While at the hospital, Chloe was given all of her shots, along with a full medical examination. She weighed only 5lbs and 8 ounces. The vet also determined that she was a little under six months of age, and had already been spayed. We found it hard to believe that someone would abandon such a loving and beautiful pet, and would presumably leave their apartment without taking her.
When we returned from our trip, we decided to bring Chloe into our home. It was the 8th of April, 1996. Smudge was five, Kamara was three, and for the record, I was twelve years old. My parents thought the best way to integrate Chloe into our home was to keep her separately locked up in their bedroom and en suite bathroom, as we had previously done with Kamara.
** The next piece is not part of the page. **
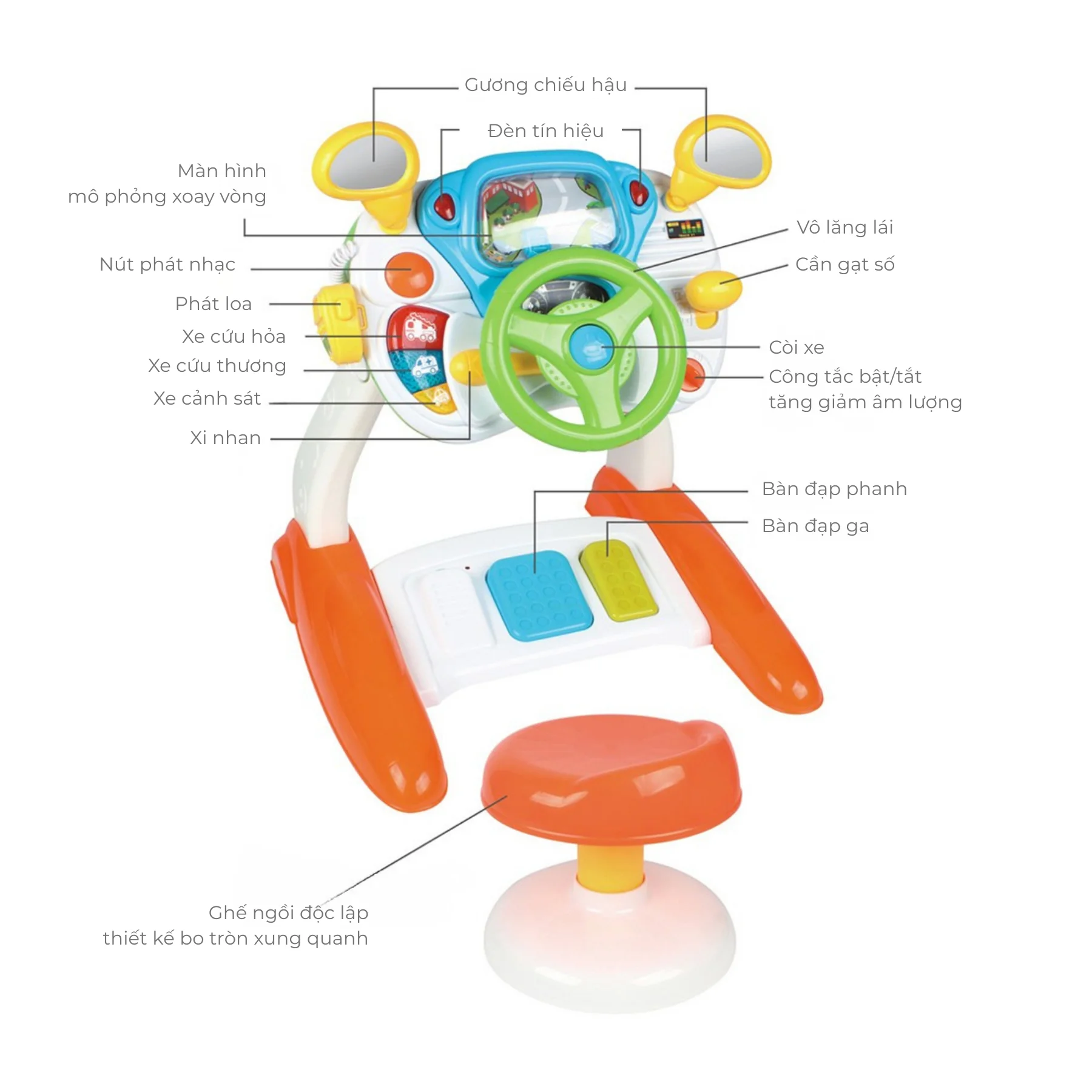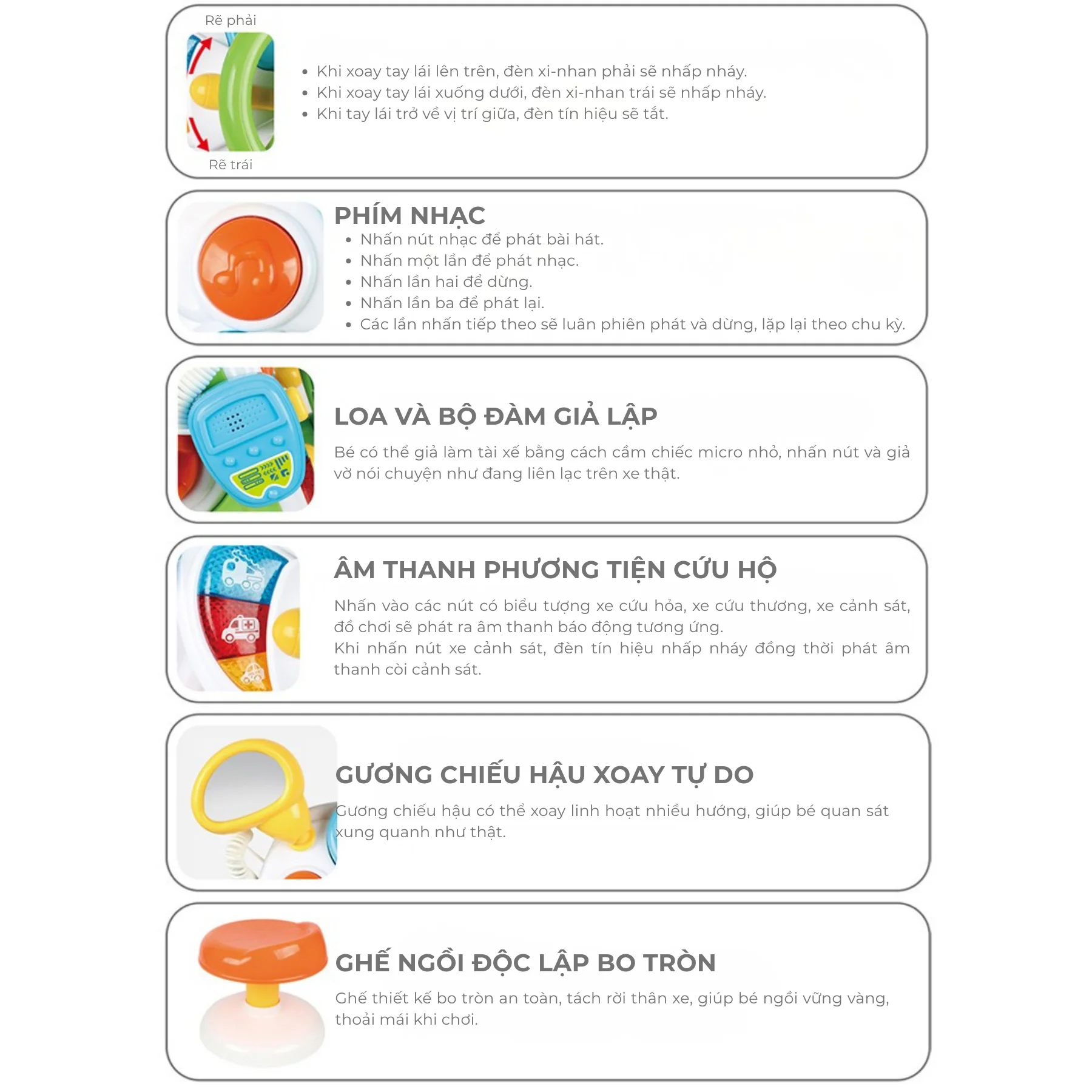 Bảng điều khiển có nút phát nhạc, bộ đàm giả lập, đèn tín hiệu và âm thanh phương tiện cứu hộ (xe cảnh sát, cứu hỏa, cứu thương).

However, there was more cause for worry as Kamara had only been 3 weeks old at the time of his adoption, and Chloe was a six month old stray.
As time went by, we opened the bedroom doors, which had been closed to much curiosity. The three cats looked at each other. There was the occasional hiss, and some running away on Chloe’s part, but that was all. Not long after their initial meeting, all three cats were eating their meals together in our tiny kitchen. As usual, Kamara extended his welcoming paws, and he and Chloe became the best of friends. Smudge was tolerant, but good about sharing her space.
At the end of the school year, we got ready for the move back to Canada. Mom and I had previously told my Dad that we would give Chloe to Auntie Helen once we got home, but that notion was far from mind. Chloe Purple was definitely a permanent fixture in our family, and that was quite apparent walking through the airports with all three pet carriers, which graduated in size.
Chloe fit in comfortably in our large house. She never intruded on Smudge’s space, and through her demeanor it always seemed as if she did not feel that she deserved to be given love or a safe environment to live. At home, I felt so fortunate to be reunited with our two budgies, and having three cat siblings under my favourite roof was a dream come true! Having three cats rustling Christmas ribbons was a special memory.
For March break 1997, my family booked a trip to the Bahamas for one week. This time we left all three cats and the two birds in the comfort of their home. We had my school friend, Loren and her mom, come in to feed and play with them twice a day. Although the vacation was fun, I couldn’t wait to see my siblings again. I also anticipated the release of the Aerosmith album, ‘Nine Lives’.
When we arrived home everyone was healthy and happy to greet us at the door. I’m sure a lot of pet owners can identify with that! We were a family again, but just a few days later things would drastically change.
On the morning of Saturday March 15, 1997, our lovely Chloe Purple O’Rourke passed away.
She died under the breakfast table, while next to our Dad’s chair. He heard a great “meow” and then a loud thump. He called for someone to come downstairs. I rushed to Chloe’s side while Mom phoned the vet, and Dad grabbed a blanket. They told me not to touch her, in case it would spook her. I just sat on the floor and watched her breath deeply.
When my parents returned home from the Bridal Trail Veterinary Clinic with her purple collar and special star tag, I knew she was gone. Chloe had died from a brain aneurysm.
In my thirteen year old mind, I had not spent enough time with her. I felt badly for the times I had pushed her away when I didn’t want to be bothered. I still regret it, ten years later.
The day she died, I wrote a small letter to her in our Pet Book:
“My special little Chloe Purple, I miss you so much! I can’t believe you’re gone. I’m sorry for not spending time with you. Now you’re my special baby angel cat. You will always be my cute Maggot. We really love you a lot, and wish you would come back home. I will never stop loving you, and will never forget you.”